▸ Task objective
All that is needed is the first stretch of the listing below, repeated exactly and ending with the line that contains "אוברול רוכסן דו". Pictures are to be left out.

= Beginning of Section =

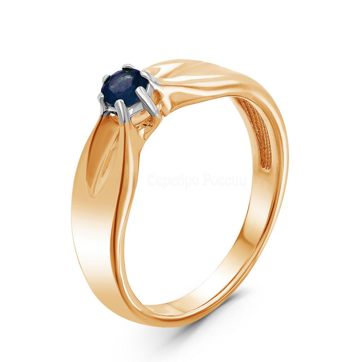 Кольцо из золочёного серебра с нат.сапфиром и родированием 925 пробы п1-552зр408
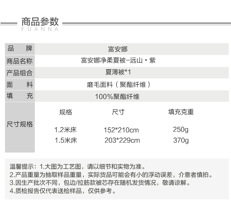 富安娜净柔夏被远山(单位:床) 紫色152*210cm\250g
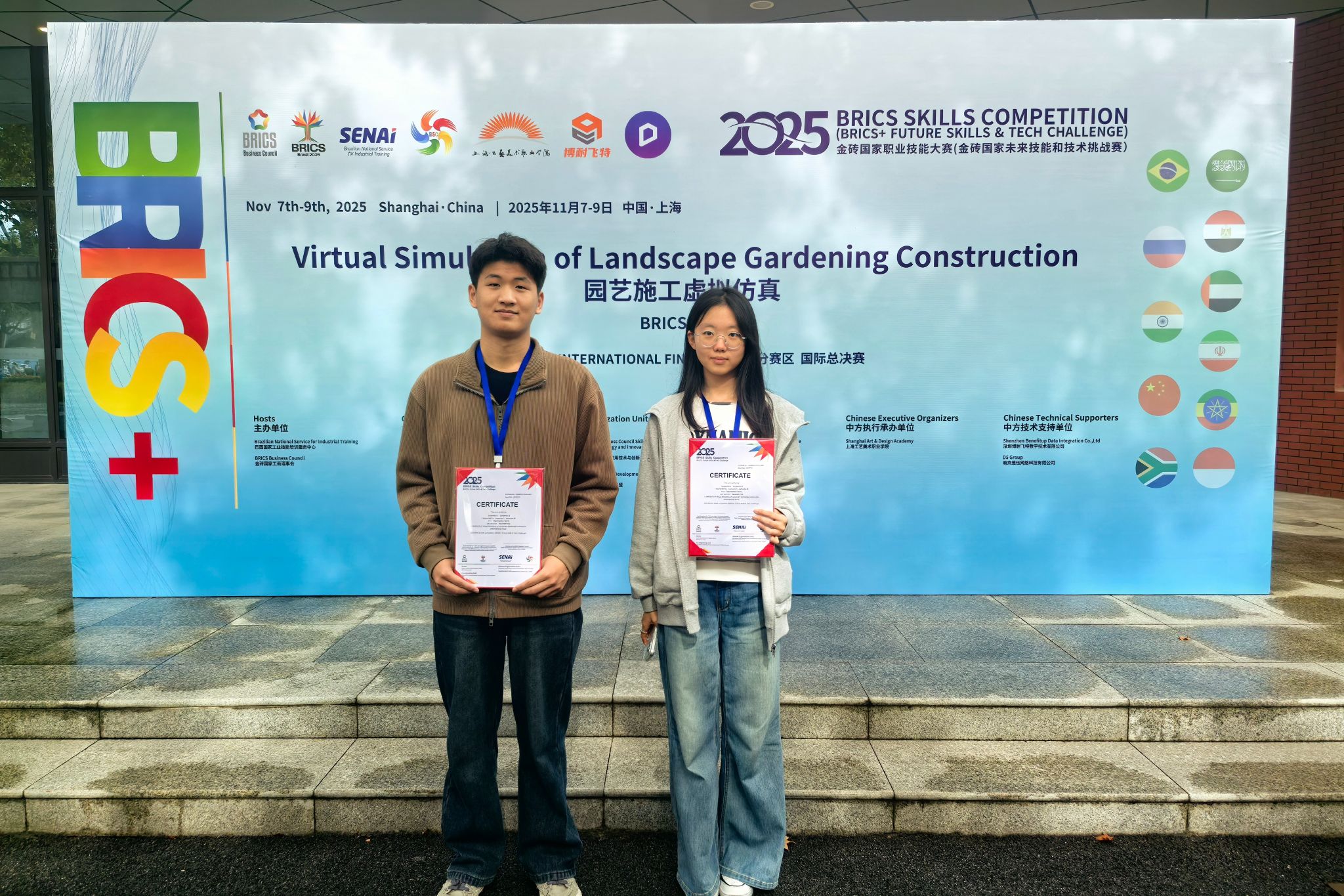 近日,2025 金砖国家职业技能大赛园艺施工虚拟仿真赛项国际总决赛在上海工艺美术职业学院圆满落幕。MG冰球突破官网农林科技学院王士通、张一诺组成的参赛队,凭借扎实的专业功底、出色的实操能力和默契的团队协作,从众多参赛队伍中脱颖而出,荣获大赛一等奖,指导老师高洁、管虹获评 “国际优秀指导专家”。本次大赛由巴西国家工业技能培训服务中心 SENAI、金砖国家工商理事会联合主办,聚焦数字经济、新技术等重点领域,旨在搭建金砖 + 国家职业教育交流平台,...更多 -
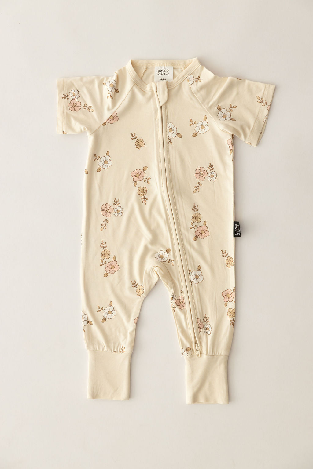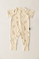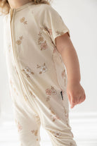 אוברול רוכסן דו כיווני עם שרוול קצר מבד במבוק // VINTAGE PETALS SHORT
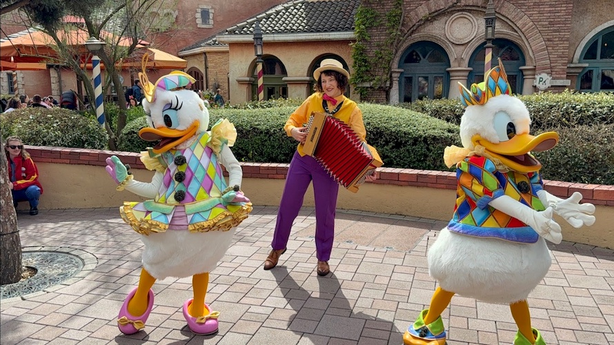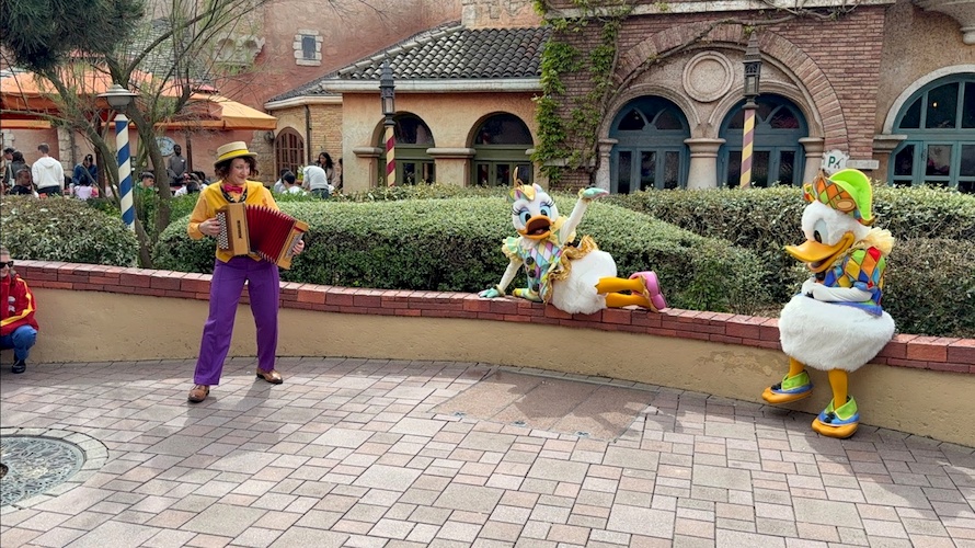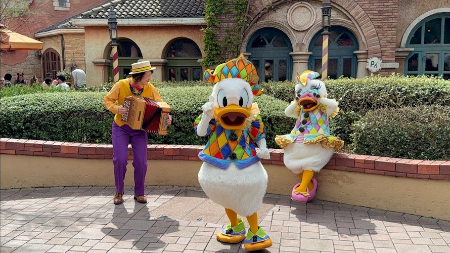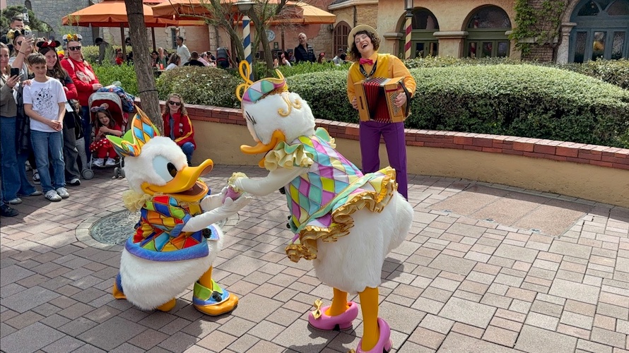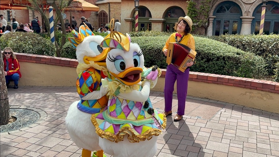 Let yourself be charmed by romantic tunes in a poetic moment with Donald and Daisy in front of Pizzeria Bella Notte.
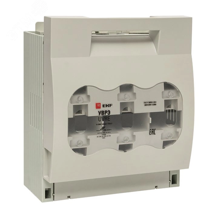 Выключатели-разъединители УВРЭ откидного типа с плавкими предохранителями предназначены для ручного включения-отключения и для защиты от коротких замыканий и перегрузки цепей переменного тока. Применяются в вводно-распределительных устройствах, шкафов управления и др. Видимый разрыв обеспечивается благодаря откидной крышке, с установленными предохранителями. При открывании крышки происходит разрыв цепи. В крышке предусмотрены контрольные отверстия для измерения напряжения и других параметров специальным щупом. Выключатели устанавливаются на монтажную панель. Конструкция контактных выводов обеспечивает болтовое присоeдинение шин или проводников, оконцованных кабельными наконечниками. Выводы изготавливаются из меди с антикоррозийным покрытием.
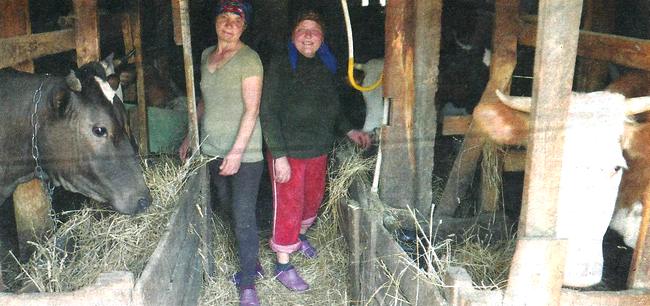 Оля Давид з Носівки і Валя Ковальчук з Волині (село Любешів). Валя їздить на заробітки в Білорусь на ферму, де 120 корів. Повахтово: 15 діб там працює, а 15 вихідні, їде в Шалойки.
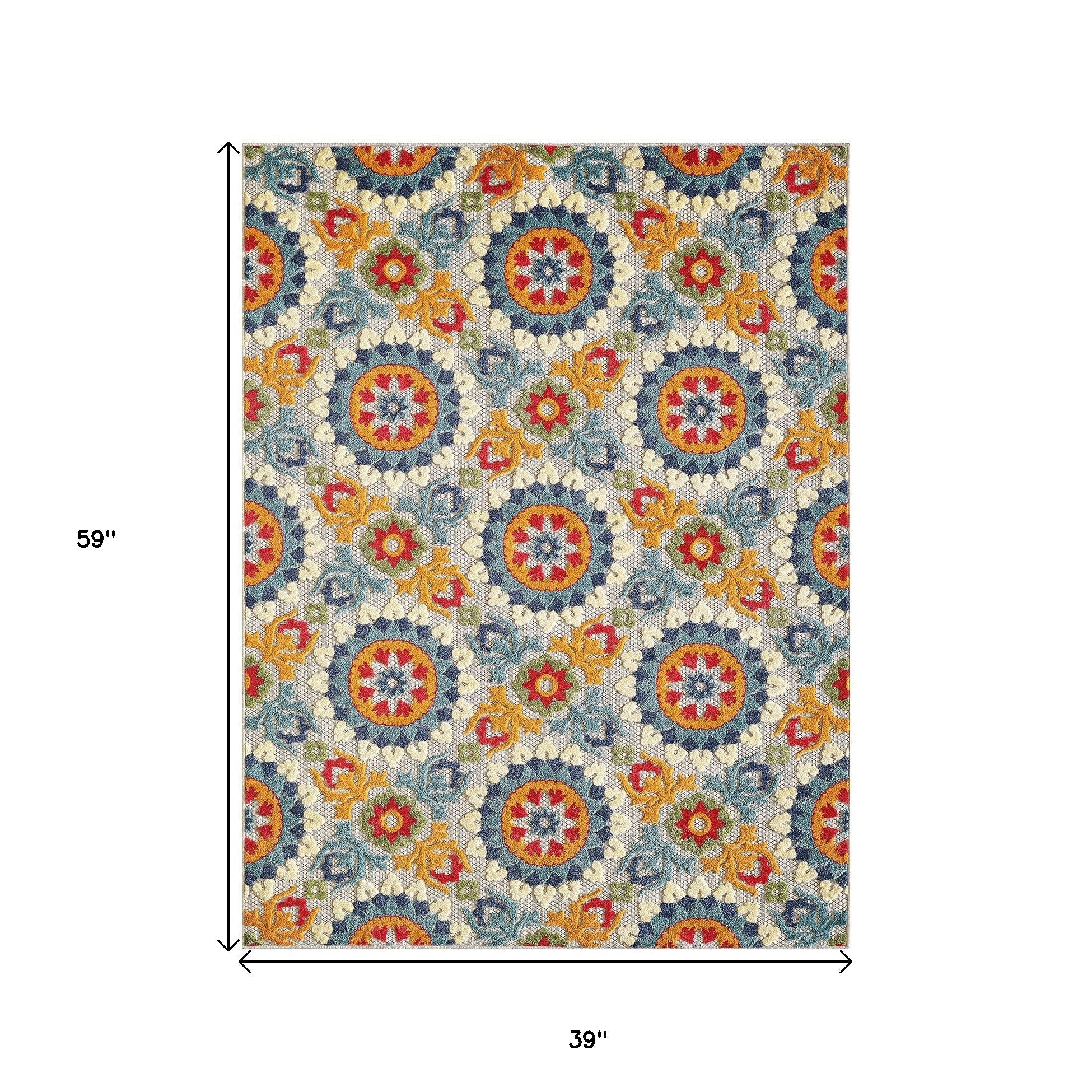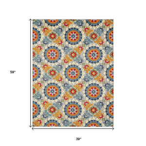 3' X 5' Orange And Ivory Moroccan Stain Resistant Indoor Outdoor Area Rug
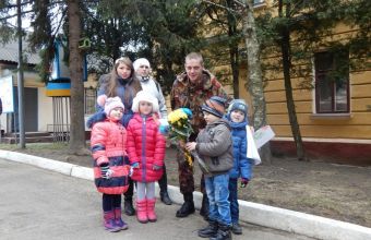 Діти принесли Роману квіти та малюнки. Чимало хороших слів цього дня звучало на адресу Романа Спринського. А полковник Олександр Корольов, командир військової частини, де проходить службу солдат-контрактник, за мужність та героїзм, проявлені під час виконання бойових завдань, нагородив військовослужбовця почесною грамотою.

= End of Section =

▸ Result below
 Кольцо из золочёного серебра с нат.сапфиром и родированием 925 пробы п1-552зр408
 富安娜净柔夏被远山(单位:床) 紫色152*210cm\250g
 近日,2025 金砖国家职业技能大赛园艺施工虚拟仿真赛项国际总决赛在上海工艺美术职业学院圆满落幕。MG冰球突破官网农林科技学院王士通、张一诺组成的参赛队,凭借扎实的专业功底、出色的实操能力和默契的团队协作,从众多参赛队伍中脱颖而出,荣获大赛一等奖,指导老师高洁、管虹获评 “国际优秀指导专家”。本次大赛由巴西国家工业技能培训服务中心 SENAI、金砖国家工商理事会联合主办,聚焦数字经济、新技术等重点领域,旨在搭建金砖 + 国家职业教育交流平台,...更多 -
 אוברול רוכסן דו כיווני עם שרוול קצר מבד במבוק // VINTAGE PETALS SHORT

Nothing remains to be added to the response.